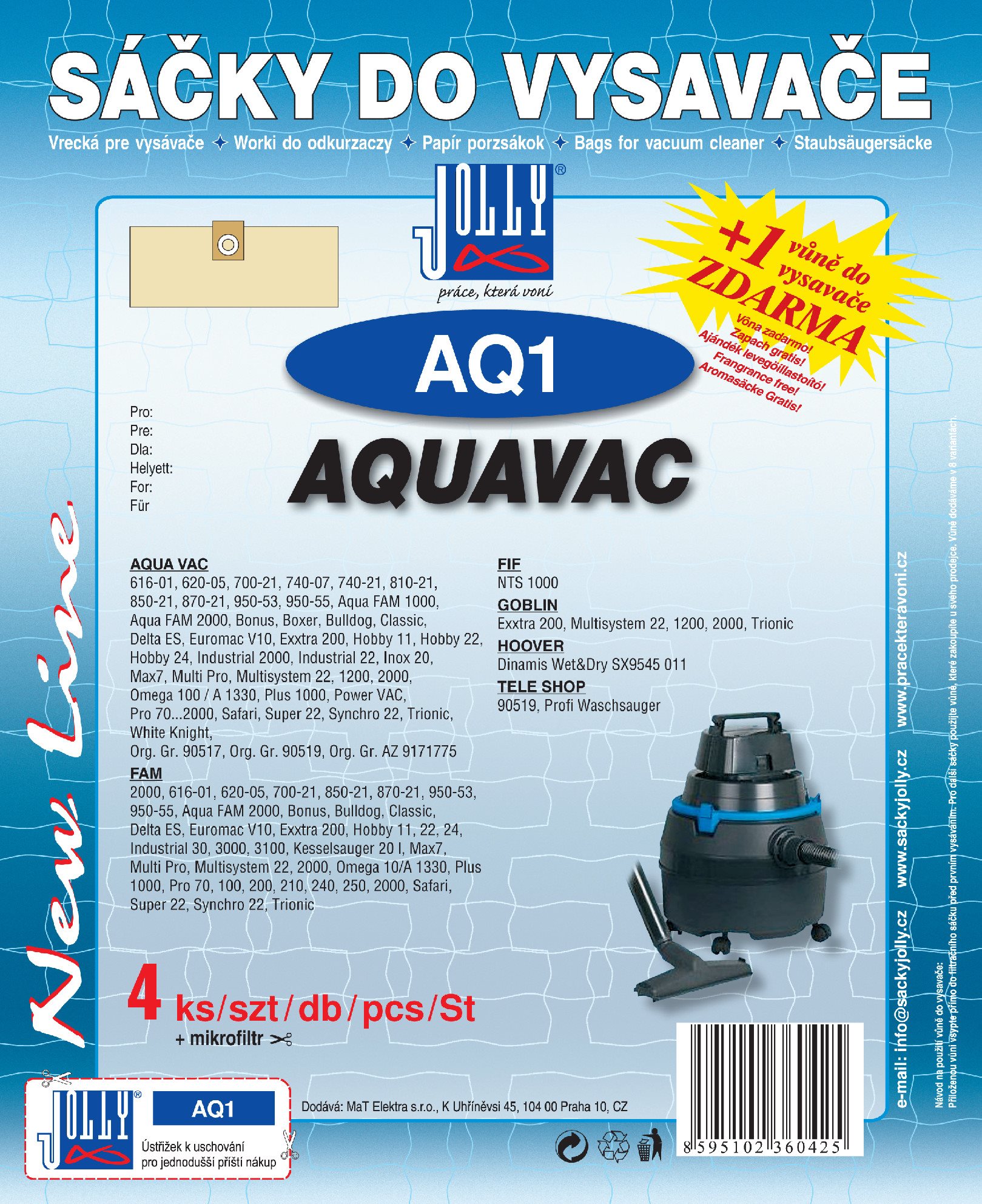 Vrecká do vysávača Jolly – papierové, jednorazové, antibakteriálne, súčasťou balenia je tiež filter a vôňa, 4 vrecká v balení Hlavné vlastnosti sáčkov do vysávača Vrecká do vysávača AQ1 Sáčky do vysávača Jolly ponúknu priestor pre nečistoty až do svojho úplného naplnenia Použitie vrecka do vysávačov je jednorazové Papierový
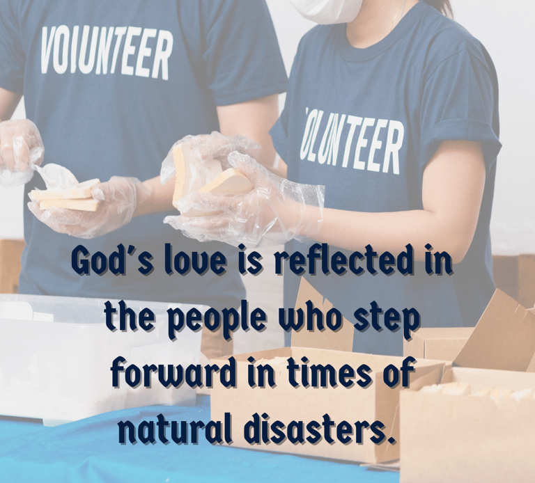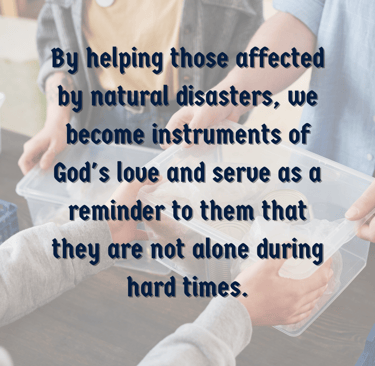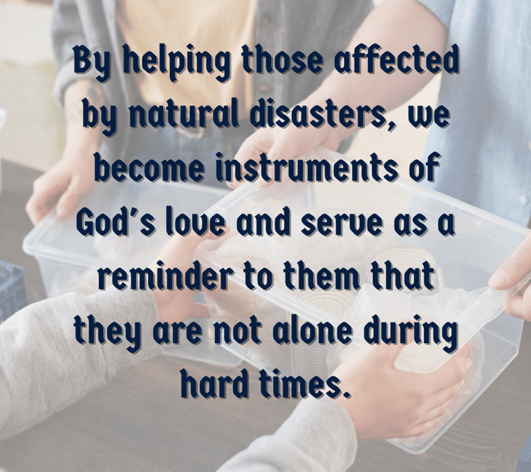 Small acts of kindness can go a long way. By helping those affected by natural disasters, we become instruments of God's love and serve as a reminder to them that they are not alone during hard times.
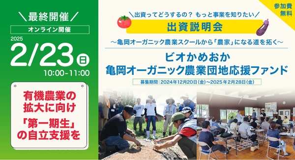 本ファンドは、農業団地の設備投資費の一部を投資で応援いただき、新規の有機農家を地域や社会全体で支え合う持続可能な農業の実現をめざします。2月23日には最終のファンド説明会を開催します。
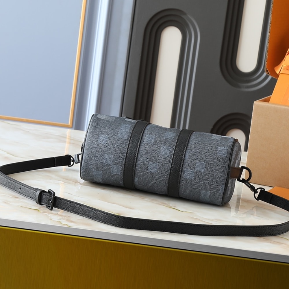 The Keepall Bandoulière 25 bag is crafted from Damoflage Black Canvas with a Damier Graphite pattern, a reinterpretation of Creative Director Pharrell Williams’ new aesthetic. The iconic checkerboard pattern is reinterpreted in subtle pixel art, creating a unique camouflage effect in a sophisticated black color scheme. Meanwhile, the handle and detachable, adjustable shoulder strap offer versatile styling options. The actual product may differ slightly from the photos depending on the pattern placement.
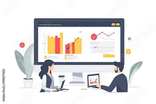 © ardanz, Fototapeta premium Two people analyzing data on a large screen.
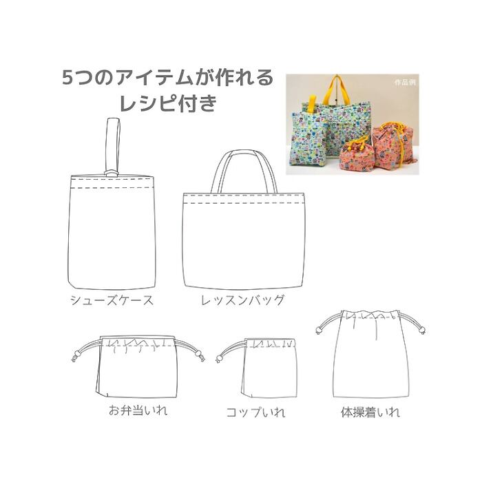 お子様の通園通学に使えるシューズケース、レッスンバッグ、お弁当入れ、コップ入れ、体操着入れの5アイテムの小物がすべて作れるレシピが付いた便利な材料セットです。
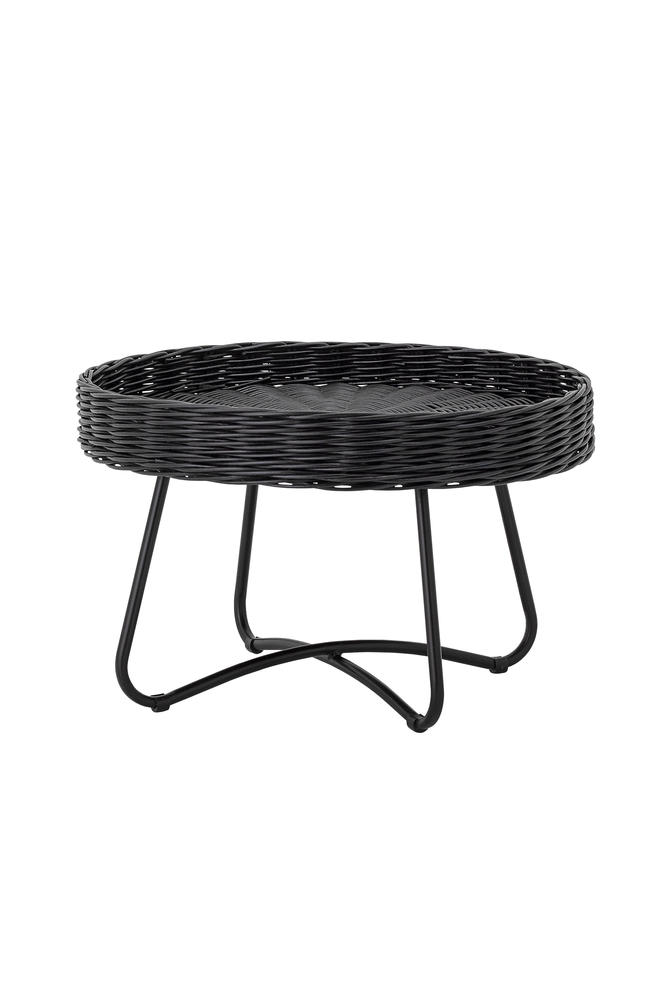 Sohvapöydän pöytälevy punottua rottinkia. Musta metallijalusta. Ø 60 cm.
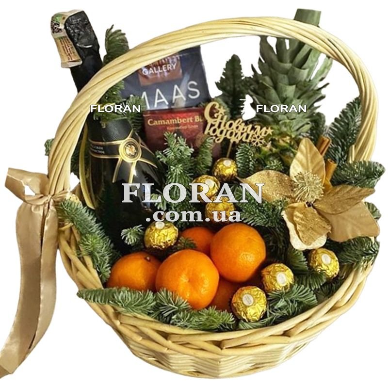 конфеты Ferrero Rocher 200 г, 1 ананас, мандарины, сыр мягкий 100-130 г – 1 шт., сырная нарезка 140-180 г – 1 шт., сыр твердый – 1 шт., шампанское украинское (в подарок), ветви ели или сосны (в период с 6.12 по 31.12)
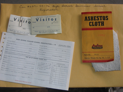 Right: Obsolete, vandalized computer equipment.We found this pamphlet in Washburne. We don’t know the exact date, but based on the names at the bottom, and the graphic design style, the late 1950s or early 1960s is our best educated guess.
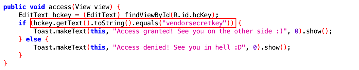 Season 1/워게임 [Android] 02. 하드코딩 이슈 - Part 1 작성자 - LRTK 문제풀이 목표: 하드코딩된 항목과 위치를 알아냅니다. 힌트: 개발자는 때때로 쉽게 민감한 정보를 하드코딩합니다. 임의의 숫자를 삽입하여 ACCESS 버튼을 클릭 시 "Access denied! See you in hell :D"이라는 실패 문구를 Toast로 출력되었다. HardcodeActivity.java 코드를 살펴보니, 입력값이 vendorsecretkey이라는 문구와 일치하면 "Acccess granted! See you on the other side :)"이라는 인증 성공 문구를 Toast로 출력하는 것을 확인할 수 있다. 실제 앱에서 vendorsecretkey를 삽입하여 요청 시 인증 성공 문구가 출력되었다. 공유하기 게시글 관리 MSS 저작자표시 비영리 (새창열림) 'Season 1 > 워게임' 카테고리의 다른 글 [Android] 04. 취약한 데이터 저장소 - Part 2 (0) 2022.11.29 [Android] 03. 취약한 데이터 저장소 - Part 1 (0) 2022.11.29 [Android] 01. 취약한 로깅 (0) 2022.11.29 [dreamhack] dreamhack-tools-cyberchef 문제풀이 (0) 2022.05.31 [dreamhack] session-basic 문제풀이 (0) 2022.05.26 Contents 당신이 좋아할만한 콘텐츠 [Android] 04. 취약한 데이터 저장소 - Part 2 2022.11.29 [Android] 03. 취약한 데이터 저장소 - Part 1 2022.11.29 [Android] 01. 취약한 로깅 2022.11.29 [dreamhack] dreamhack-tools-cyberchef 문제풀이 2022.05.31 댓글 0 + 이전 댓글 더보기
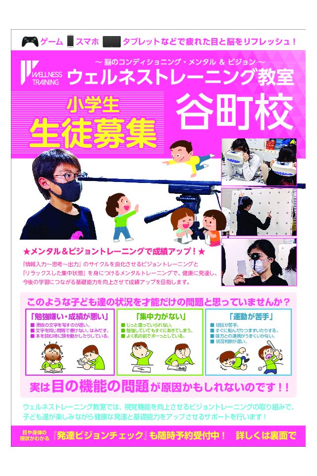 目トレクラブ、初チラシ! スポーツ、勉強、頑張っているのに、 なかなか成果が出ないもしかすると、 見る力が原因かもしれません。学校生活、習いごと、コミニュケーション、 全ての土台作りの教室! 目を動かす、 身体を動かす、 脳を動かす、 トレーニング! 将来。
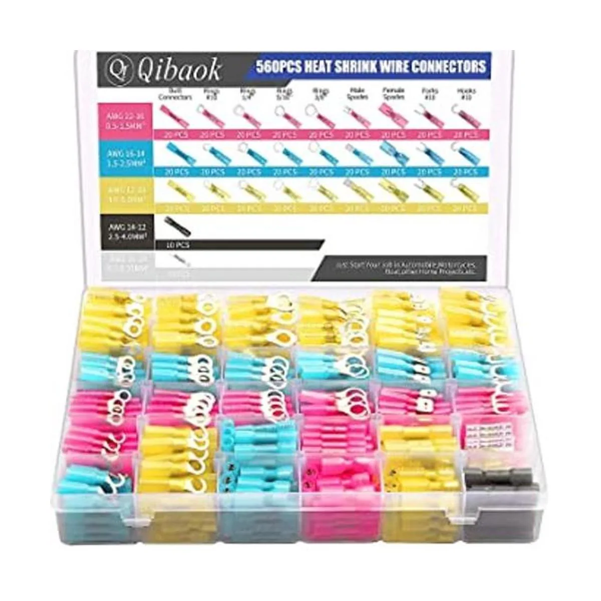 560 conectores termoretráctiles Qibaok kit de conectores eléctricos de cobre impermeable para automóviles marinos de calibre 1614, 2216, calibre 1210, anillo aislado, gancho de horquilla, pala, empalmes de tope
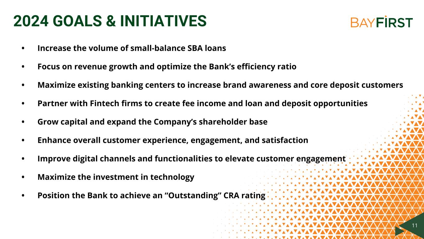 10 STRATEGIC PILLARS 2024 Maintain Strong Capital Manage and Evolve Risk Management Leverage Our SBA Expertise Promote Innovation Maintain Granularity of Deposit and Loan Portfolios Leverage Banking Center Franchise and Core Deposit Base Continue to Promote Workplace Culture and Social Responsibility
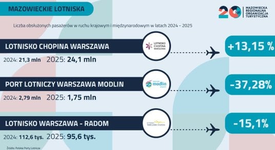 – Rekordowe wyniki Lotniska Chopina pokazują, że Mazowsze staje się jednym z najważniejszych węzłów komunikacyjnych w tej części Europy. Nie jest to tylko kwestia liczby pasażerów, ale przede wszystkim rosnącej dostępności regionu dla turystów z rynków zagranicznych. Dobra siatka połączeń przekłada się bezpośrednio na decyzje podróżnych i wzrost ruchu turystycznego, który obserwujemy w całym województwie – wskazuje wiceprezes MROT Jarosław Jóźwiak.
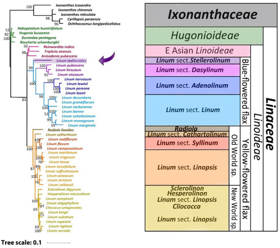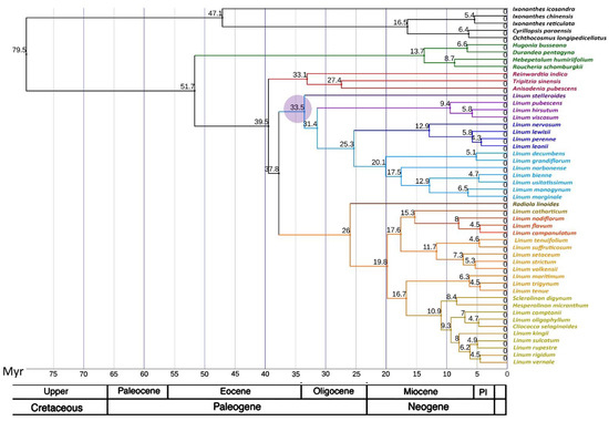 Bayesian chronogram of 45 taxa of Linaceae and 5 taxa of Ixonanthaceae. The values shown above branches are the dates of the nodes. The purple circle marks the point of the sect. Stellerolinum divergence from the common trunk of the blue-flowered flax. Pl on the geochronological scale—Pliocene.
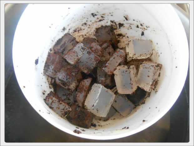 Cortar el jabón base en cubos pequeños (70-80 g).
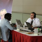 AU participants check their laptops during the break
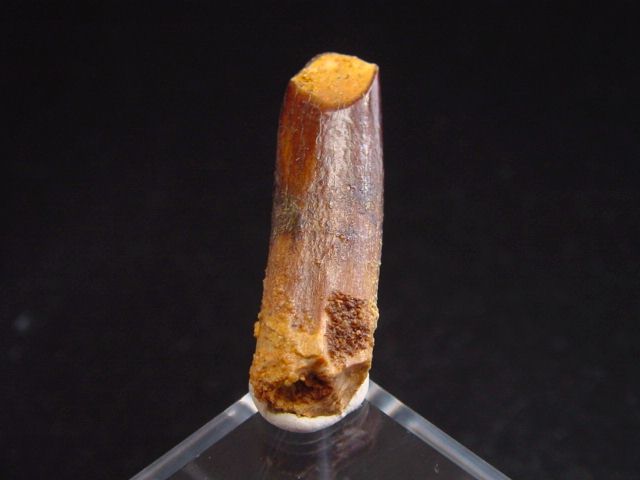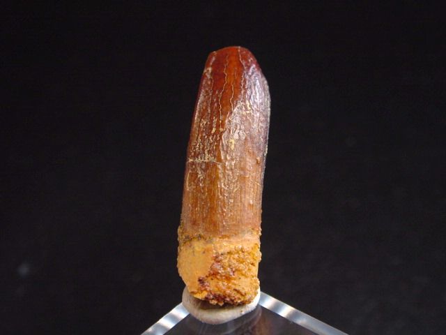 Dieses sehr seltene Exemplar eines Zahnes von Rebbachisaurus garasbae stammt aus Marokko. Das Alter beträgt ca. 100 Millionen Jahre - keine Replik! Die Bilder zeigen den Zahn von Vorder- und Rückseite.
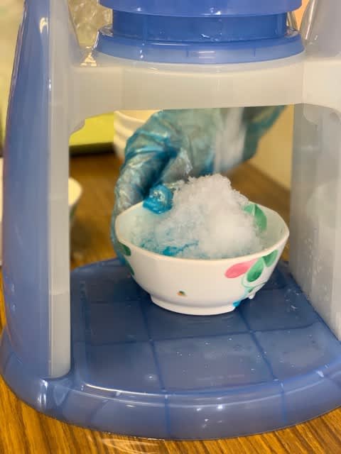 当日は天気もよく、まどから差し込む日光とともに、夏を感じてもらえるかき氷レクリエーションになりました。
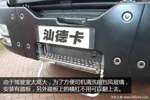 由于驾驶室太高大,为了方便司机清洗前挡风玻璃,在汕德卡的牌子下面安装有踏板,另外第一层踏板需要的时候放下来,不用可以收回去,非常方便,丝毫不影响整体美观。
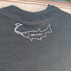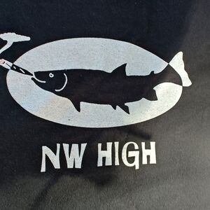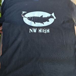 never worn, with graphics on front, back and an arm sleeve. NW High with smoking fish on front from the Pacific NW combines fishing with pleasure. Back of shirt has a smaller graphic of a smoking fish.

◇ ◇ ◇ ◇ ◇ ◇ ◇

PROBLEM REQUIREMENTS: Set down again, word for word, every line from the one with "お子様の通園通学に使えるシュ" to the one with "Right: Obsolete, vandalized" in the entries above, and omit the pictures.

ANSWER:
 お子様の通園通学に使えるシューズケース、レッスンバッグ、お弁当入れ、コップ入れ、体操着入れの5アイテムの小物がすべて作れるレシピが付いた便利な材料セットです。
 Sohvapöydän pöytälevy punottua rottinkia. Musta metallijalusta. Ø 60 cm.
 конфеты Ferrero Rocher 200 г, 1 ананас, мандарины, сыр мягкий 100-130 г – 1 шт., сырная нарезка 140-180 г – 1 шт., сыр твердый – 1 шт., шампанское украинское (в подарок), ветви ели или сосны (в период с 6.12 по 31.12)
 Right: Obsolete, vandalized computer equipment.We found this pamphlet in Washburne. We don’t know the exact date, but based on the names at the bottom, and the graphic design style, the late 1950s or early 1960s is our best educated guess.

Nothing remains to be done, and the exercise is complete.